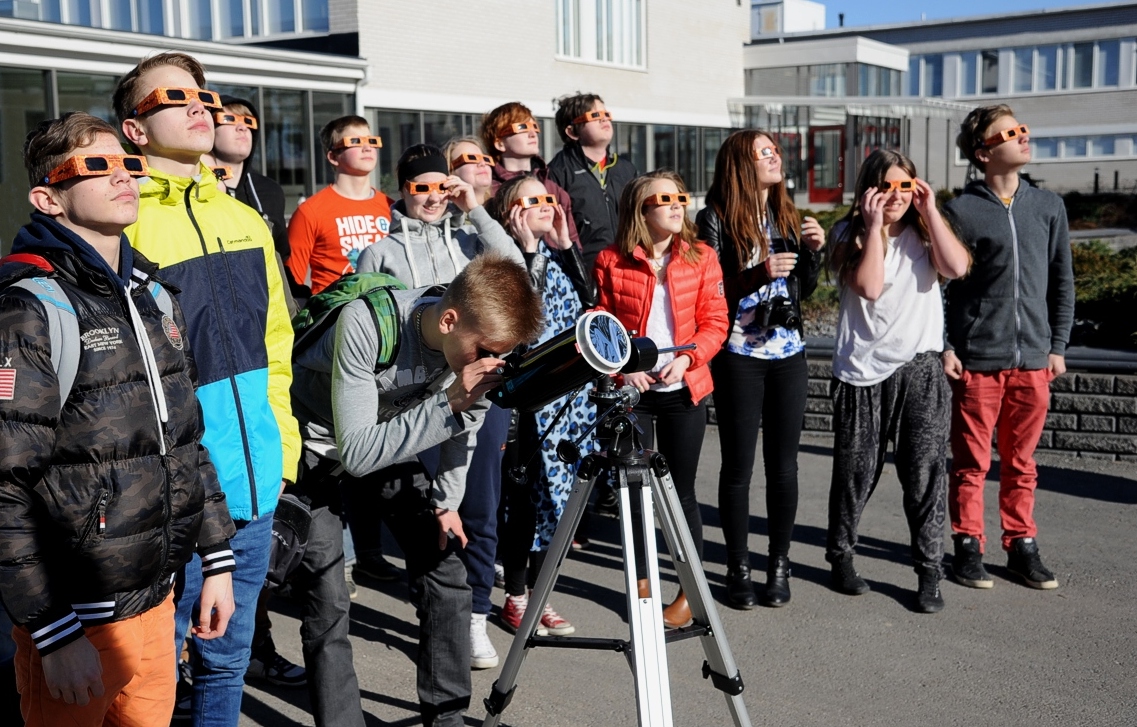 Olika redskap ger olika upplevelser. Teleskopet ger en synnerligen bra bild av solen. Skyddsglasögonen ger den genuina känslan av att verkligen se månen passera framför solen. En kombination av iakttagelser formar den bästa helheten. Ett stort tack riktas till Narom och Nordic ESERO samt andra organisationer som förmedlat skyddsglasögon till bland annat skolelever!
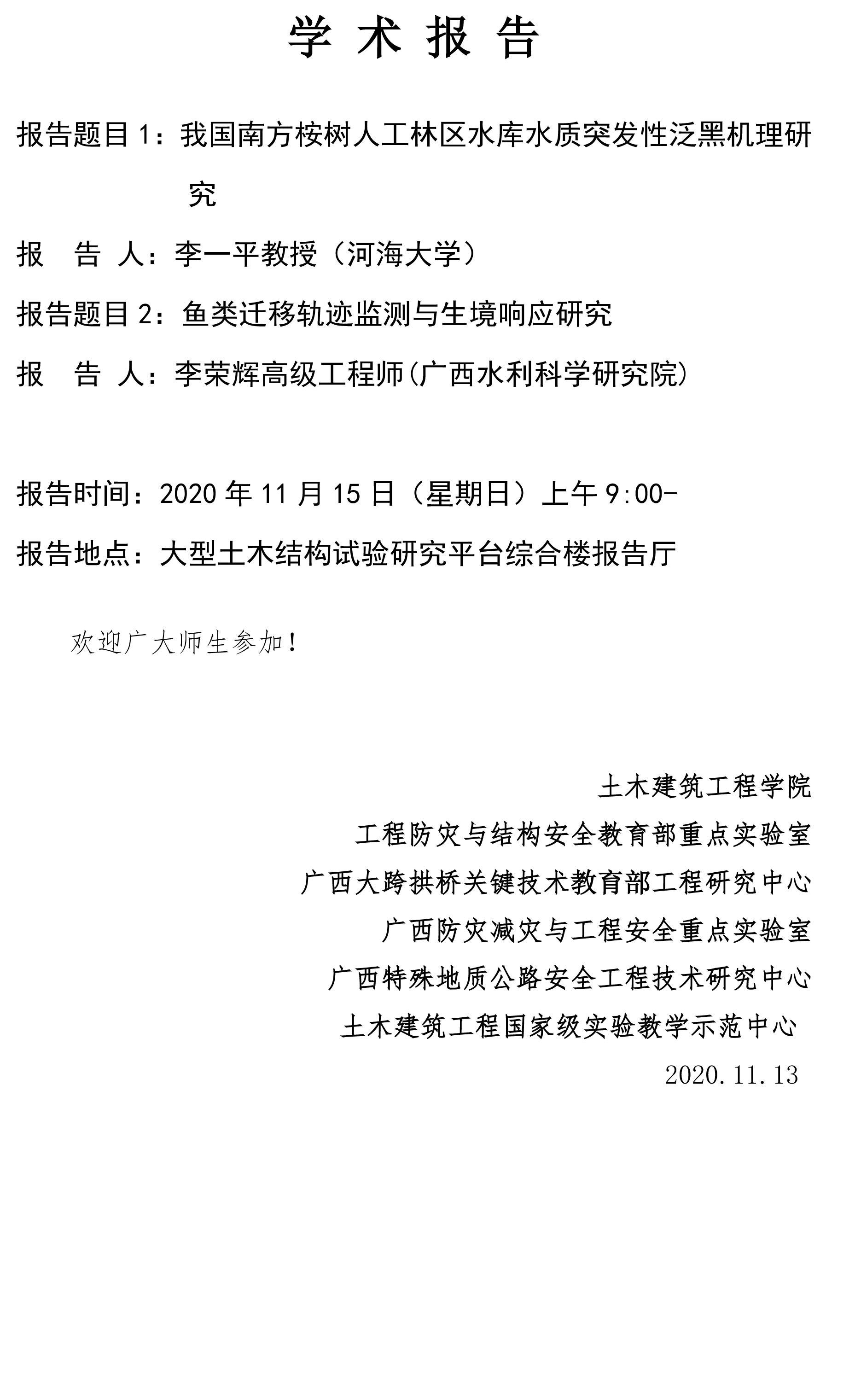 主講人 李一平 李榮輝 地址 大型土木結構試驗研究平臺綜合樓報告廳
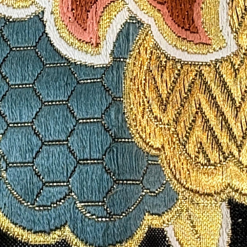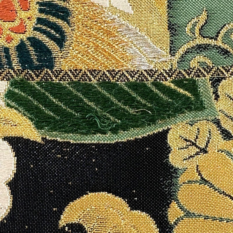 おめでたい席に相応しい意匠の袋帯でございます。 格式高いお席にもお使いいただけますので、お見逃しのないようお願いいたします。 締め跡がございます。 垂先と前柄に糸ゆるみがございます。 リユース品としては良い状態で、まだまだご活用頂けると思われます。 ※なお、厳しく商品の状態確認を行っておりますが、記載の汚れ以外にも見落とし箇所がある可能性がある旨ご了承いただけますと幸いです。 沢山の商品の中からご覧いただき誠にありがとうございます。 【PR2】
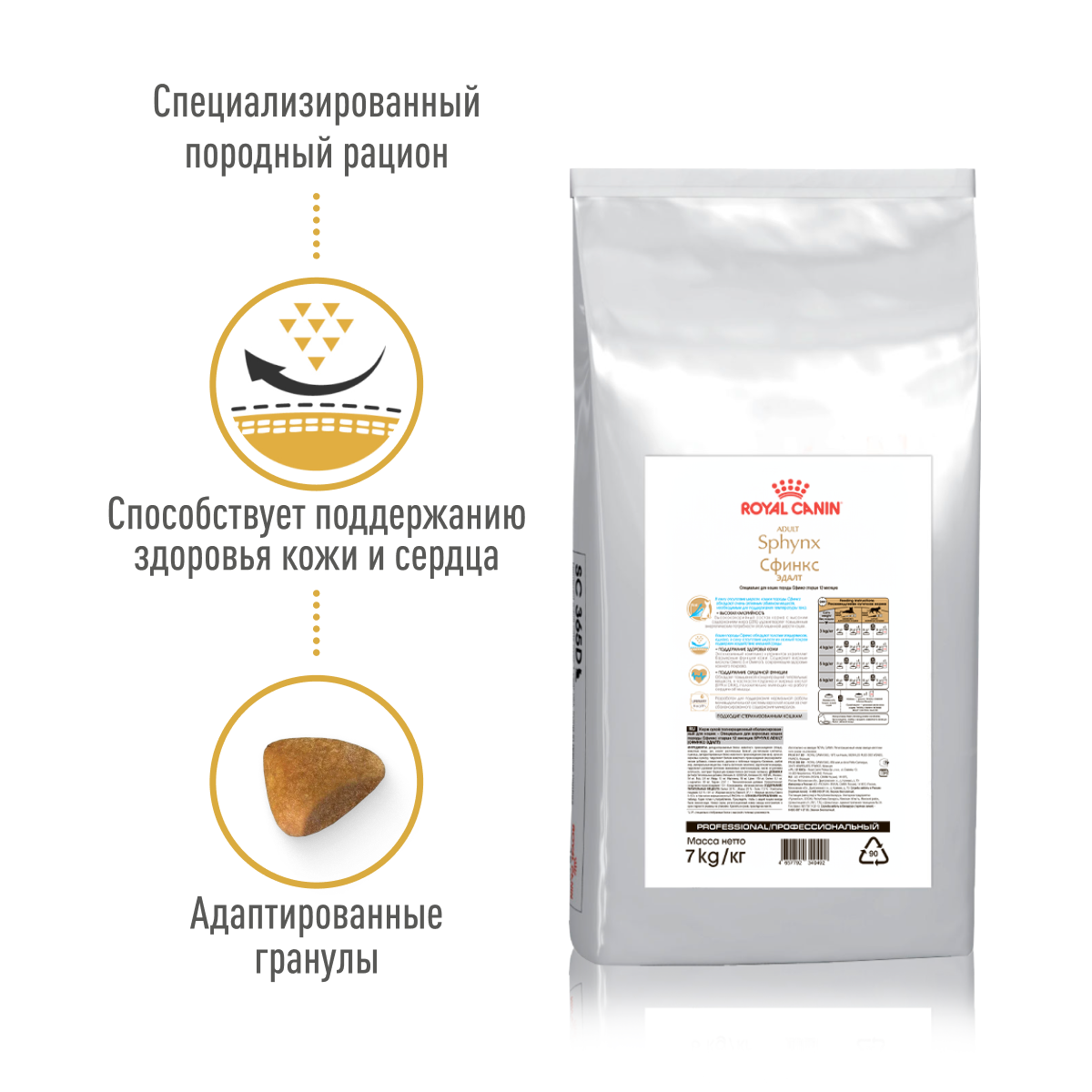 Рацион ROYAL CANIN® SPHYNX (Сфинкс эдалт) учитывает особые потребности взрослых кошек этой породы и способствует: удовлетворению высоких энергетических потребностей (за счет высокого содержания калорий); поддержанию барьерной функции кожи; поддержанию здоровья сердца; 100% полнорационное и сбалансированное питание.
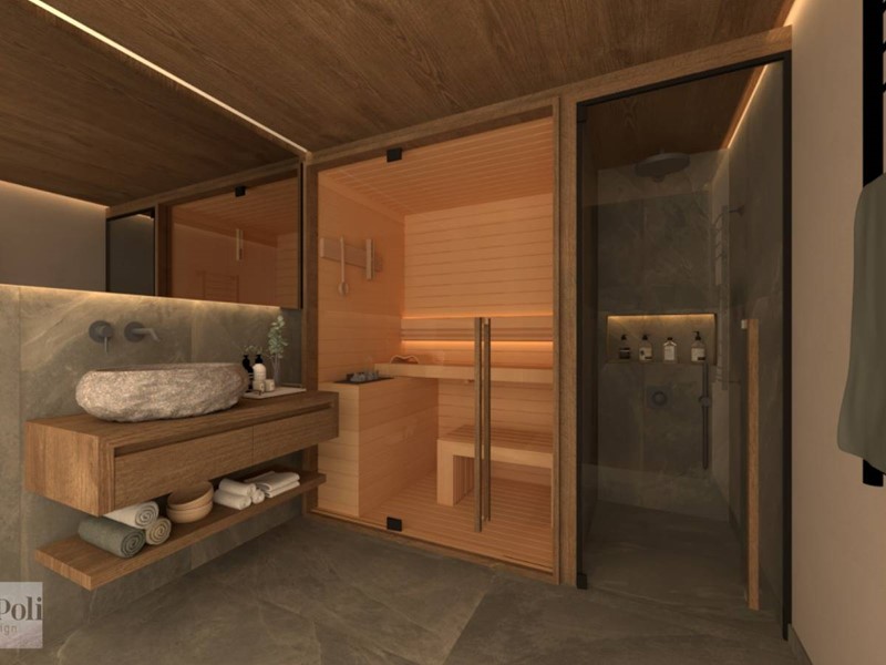 Lappartamento esposto a est-sud-ovest di 145 mq comm. è così composto: ingresso, ampia zona giorno open space divisa tra spazio cucina-soggiorno e spazio relax con accessi ai balconi esposti a sud e ad ovest, un bagno di servizio, un ripostiglio, disimpegno per la zona notte dove si trovano due ampie stanze da letto matrimoniali con proprio bagno-zona benessere e cabina armadio, una con accesso al proprio balcone esposto a sud.
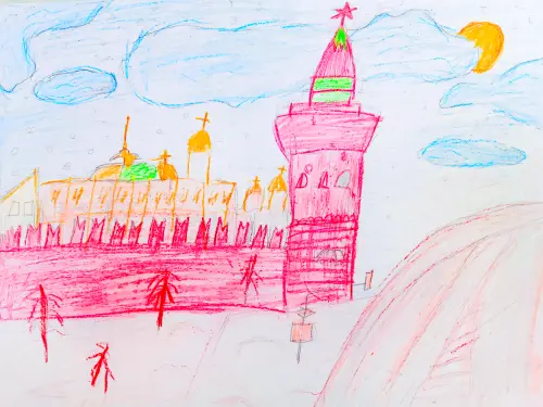 Снег шёл совсем недолго. Облака разгонял ветерок. На небе из-за тучек стало подмигивать солнце. Город оживал. Башенки Кремля казались ещё ярче в лучах зимнего солнца.
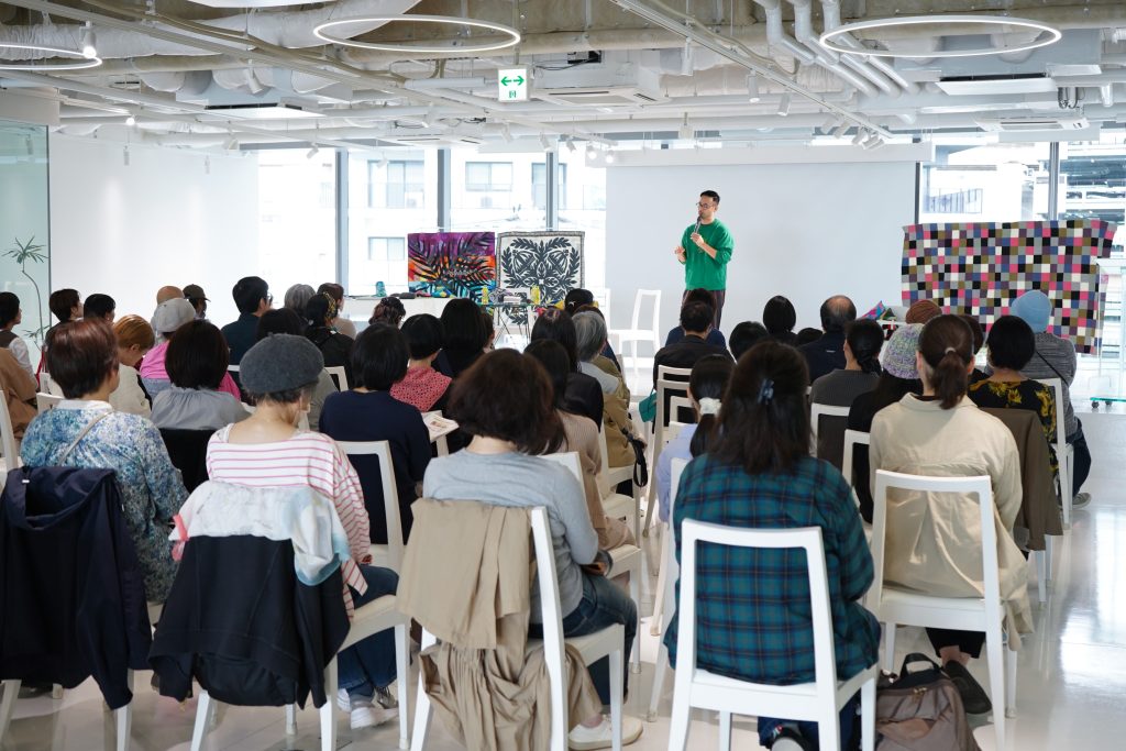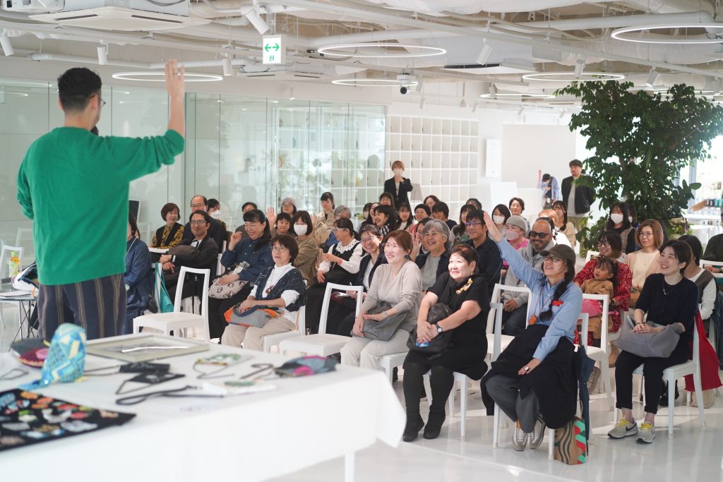 トークショーでは、お母さまである”キャシー中島さん”との心温まるエピソードや、手づくりを始めるきっかけとなった出来事、さらにフランス留学で得た学びについて洋輔さんが語り、洋輔さんのお人柄が伝わる素晴らしい時間となりました。また、NHK「すてきにハンドメイド」の収録裏話や制作秘話も披露され、会場は和やかな雰囲気に包まれながら、後半では洋輔さんの作品の紹介をしていただきました。細部までこだわり抜かれたデザインやアイデアに多くの方が魅了され、大いに盛り上がりました。
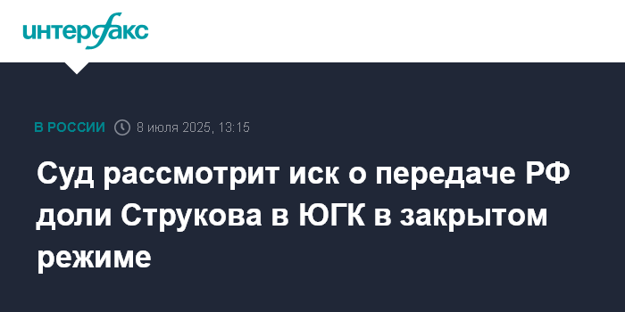 Москва. 8 июля. INTERFAX.RU - Советский районный суд Челябинска удовлетворил ходатайство представителей ответчиков о рассмотрении в закрытом судебном заседании иска об обращении в доход государства доли основного владельца ПАО "Южуралзолото группа компаний" (ЮГК) Константина Струкова в обществе и УК ЮГК, а также долей связанных с ним лиц в ряде компаний, передал корреспондент "Интерфакса" из зала суда.
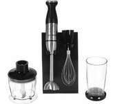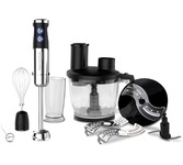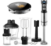 Блендер погружной многофункциональный 8 в 1 Мощность: 1300 Вт Напряжение: 220-240В, 50/60Гц Объем чаши: 0.8л Объем стакана: 0.6л Кол-во скоростей: 12 Импульсный режим (турбо): да LED подсветка кнопок Тип двигателя: DC

▶ [Required work] This exercise calls for the records to be given again exactly, without the images.

▶ [Written solution]
 Olika redskap ger olika upplevelser. Teleskopet ger en synnerligen bra bild av solen. Skyddsglasögonen ger den genuina känslan av att verkligen se månen passera framför solen. En kombination av iakttagelser formar den bästa helheten. Ett stort tack riktas till Narom och Nordic ESERO samt andra organisationer som förmedlat skyddsglasögon till bland annat skolelever!
 主講人 李一平 李榮輝 地址 大型土木結構試驗研究平臺綜合樓報告廳
 おめでたい席に相応しい意匠の袋帯でございます。 格式高いお席にもお使いいただけますので、お見逃しのないようお願いいたします。 締め跡がございます。 垂先と前柄に糸ゆるみがございます。 リユース品としては良い状態で、まだまだご活用頂けると思われます。 ※なお、厳しく商品の状態確認を行っておりますが、記載の汚れ以外にも見落とし箇所がある可能性がある旨ご了承いただけますと幸いです。 沢山の商品の中からご覧いただき誠にありがとうございます。 【PR2】
 Рацион ROYAL CANIN® SPHYNX (Сфинкс эдалт) учитывает особые потребности взрослых кошек этой породы и способствует: удовлетворению высоких энергетических потребностей (за счет высокого содержания калорий); поддержанию барьерной функции кожи; поддержанию здоровья сердца; 100% полнорационное и сбалансированное питание.
 Lappartamento esposto a est-sud-ovest di 145 mq comm. è così composto: ingresso, ampia zona giorno open space divisa tra spazio cucina-soggiorno e spazio relax con accessi ai balconi esposti a sud e ad ovest, un bagno di servizio, un ripostiglio, disimpegno per la zona notte dove si trovano due ampie stanze da letto matrimoniali con proprio bagno-zona benessere e cabina armadio, una con accesso al proprio balcone esposto a sud.
 Снег шёл совсем недолго. Облака разгонял ветерок. На небе из-за тучек стало подмигивать солнце. Город оживал. Башенки Кремля казались ещё ярче в лучах зимнего солнца.
 トークショーでは、お母さまである”キャシー中島さん”との心温まるエピソードや、手づくりを始めるきっかけとなった出来事、さらにフランス留学で得た学びについて洋輔さんが語り、洋輔さんのお人柄が伝わる素晴らしい時間となりました。また、NHK「すてきにハンドメイド」の収録裏話や制作秘話も披露され、会場は和やかな雰囲気に包まれながら、後半では洋輔さんの作品の紹介をしていただきました。細部までこだわり抜かれたデザインやアイデアに多くの方が魅了され、大いに盛り上がりました。
 Москва. 8 июля. INTERFAX.RU - Советский районный суд Челябинска удовлетворил ходатайство представителей ответчиков о рассмотрении в закрытом судебном заседании иска об обращении в доход государства доли основного владельца ПАО "Южуралзолото группа компаний" (ЮГК) Константина Струкова в обществе и УК ЮГК, а также долей связанных с ним лиц в ряде компаний, передал корреспондент "Интерфакса" из зала суда.
 Блендер погружной многофункциональный 8 в 1 Мощность: 1300 Вт Напряжение: 220-240В, 50/60Гц Объем чаши: 0.8л Объем стакана: 0.6л Кол-во скоростей: 12 Импульсный режим (турбо): да LED подсветка кнопок Тип двигателя: DC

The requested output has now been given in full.